В тоске смертельной мечется толпа,

А за рекой на траурных знаменах

Зловещие смеются черепа.

Вот для чего я пела и мечтала,

Мне сердце разорвали пополам,

Как после залпа сразу тихо стало,

Смерть выслала дозорных по дворам.

Мы не знаем точной даты написания этих стихов, но по многим реалиям и по общему ощущению это слишком похоже на события 4 июля в Петрограде – бурные пробольшевистские демонстрации, спонтанные нелепые столкновения между вооруженными группами.

Сравним стихотворение с описанием тех же событий Горьким в «Новой жизни» от июля 1918 года:

«На всю жизнь останутся в памяти отвратительные картины безумия, охватившего Петроград днем 4 июля…

Особенно характерна была картина паники на углу Невского и Литейного часа в четыре вечера. Роты две каких-то солдат и несколько сотен публик мирно стояли около ресторана Палкина и дальше, к Знаменской площади, и вдруг, точно силою какого-то злого, иронического чародея, все эти вооруженные и безоружные люди превратились в оголтелое стадо баранов.

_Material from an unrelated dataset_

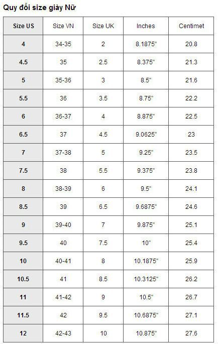 Bảng Size Giày Chuẩn QUY ĐỔI Size Việt Nam Và Quốc Tế

Я не мог уловить, что именно вызвало панику и заставило солдат стрелять в пятый дом от угла Литейного по Невскому, – они начали палить по окнам и колоннам дома, не целясь, с лихорадочной торопливостью людей, которые боятся, что вот сейчас у них отнимут ружья. Стреляло человек десять, не более, а остальные, побросав винтовки и знамена на мостовую, начали вместе с публикой ломиться во все двери, окна, выбивая стекла, ломая двери, образуя на тротуаре кучи мяса, обезумевшего от страха… Я не впервые видел панику толпы, это всегда противно, но – никогда не испытывал я такого удручающего, убийственного впечатления».

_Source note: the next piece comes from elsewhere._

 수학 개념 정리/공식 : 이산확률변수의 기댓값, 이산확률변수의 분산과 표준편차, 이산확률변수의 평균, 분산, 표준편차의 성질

И целый день, своих пугаясь стонов,

В тоске смертельной мечется толпа…

Если предположение это правильно, тогда совершенно понятна строчка «Мне сердце разорвали пополам». Поэт в братоубийственной сумятице не может встать ни на одну из сторон, сострадая и тем, и другим. Презрительного раздражения Горького у Ахматовой не было…

Что до реалий, то траурные знамена с черепами, разумеется, знамена анархистов. (Бунин писал в «Окаянных днях»: «Видны стены, увешанные черными знаменами, на которых белые черепа с надписями: “Смерть, смерть буржуям!”».) Анархисты принимали яростное участие в событиях. 1-й пулеметный полк, главный застрельщик демонстраций, находился под сильным влиянием анархистов, деливших его с большевиками. Резиденция анархистов – дача Дурново на Смоленке, на Васильевском острове, – была для Ахматовой, жившей в центре Петрограда, именно – «за рекой».

В этих стихах – ужас перед разворачивающимся насилием. И горечь – «Вот для чего я пела и мечтала».

Ахматова 1917 года оказалась слишком чуткой, чтобы дать увлечь себя общеромантическим ликованием по поводу падения деспотизма или легитимистским сожалением по тому же поводу. Ключевое ощущение от происходящего – тоска от смертельных предчувствий: «В тоске смертельной мечется толпа». Почти с этих же слов начиналось знаменитое стихотворение, написанное в том же семнадцатом году.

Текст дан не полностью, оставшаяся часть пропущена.